_Directions for this task_
Exclude pictures and give again exactly the lines of the listing, beginning with its first line and ending with the one that contains "Cover by Dick".

_The data_
--------------------------------

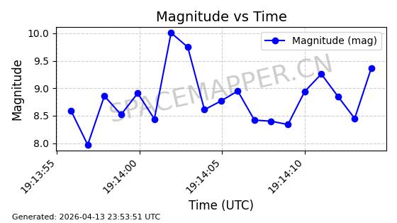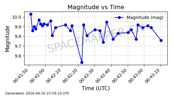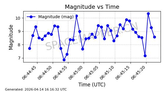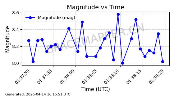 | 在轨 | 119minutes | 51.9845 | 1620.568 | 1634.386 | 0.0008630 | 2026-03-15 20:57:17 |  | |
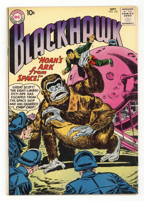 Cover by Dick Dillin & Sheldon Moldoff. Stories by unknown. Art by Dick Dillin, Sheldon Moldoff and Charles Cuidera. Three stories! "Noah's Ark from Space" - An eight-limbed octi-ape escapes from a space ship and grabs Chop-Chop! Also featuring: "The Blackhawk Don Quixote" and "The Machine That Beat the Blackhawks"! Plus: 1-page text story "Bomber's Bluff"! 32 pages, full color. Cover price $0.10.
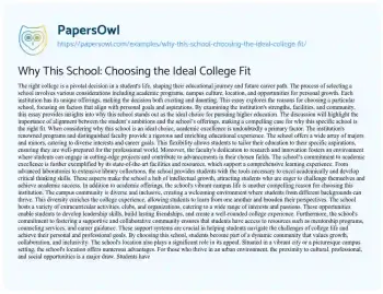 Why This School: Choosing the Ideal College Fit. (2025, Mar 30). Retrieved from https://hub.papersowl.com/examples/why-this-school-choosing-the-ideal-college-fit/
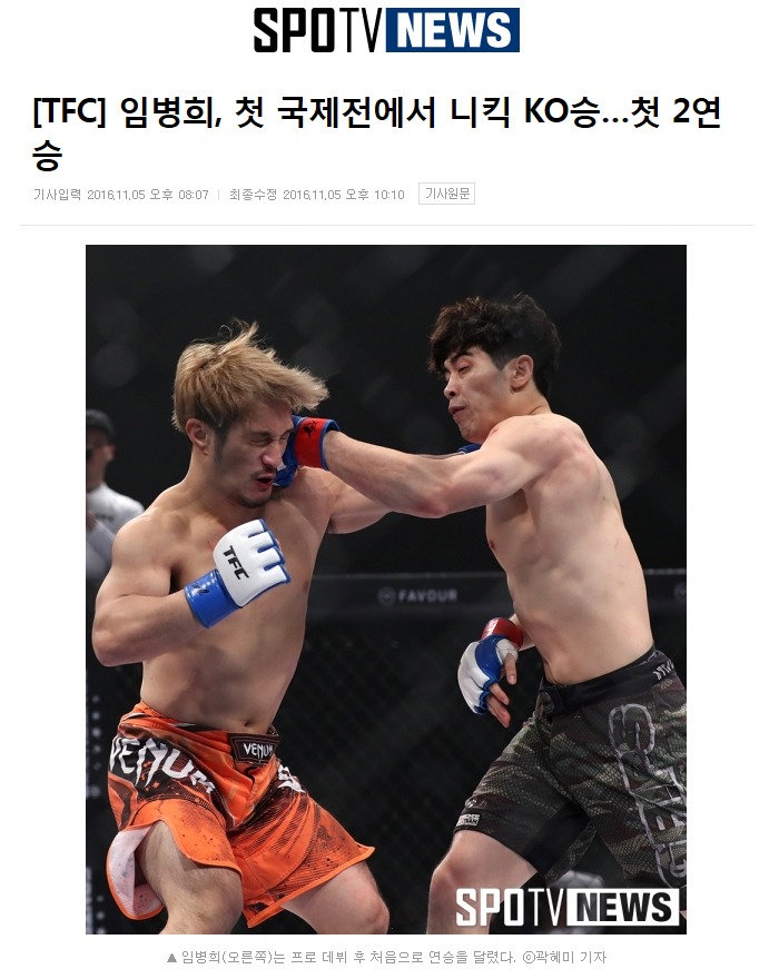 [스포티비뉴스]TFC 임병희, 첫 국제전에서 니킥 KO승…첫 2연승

--------------------------------

_Task solution_
 | 在轨 | 119minutes | 51.9845 | 1620.568 | 1634.386 | 0.0008630 | 2026-03-15 20:57:17 |  | |
 Cover by Dick Dillin & Sheldon Moldoff. Stories by unknown. Art by Dick Dillin, Sheldon Moldoff and Charles Cuidera. Three stories! "Noah's Ark from Space" - An eight-limbed octi-ape escapes from a space ship and grabs Chop-Chop! Also featuring: "The Blackhawk Don Quixote" and "The Machine That Beat the Blackhawks"! Plus: 1-page text story "Bomber's Bluff"! 32 pages, full color. Cover price $0.10.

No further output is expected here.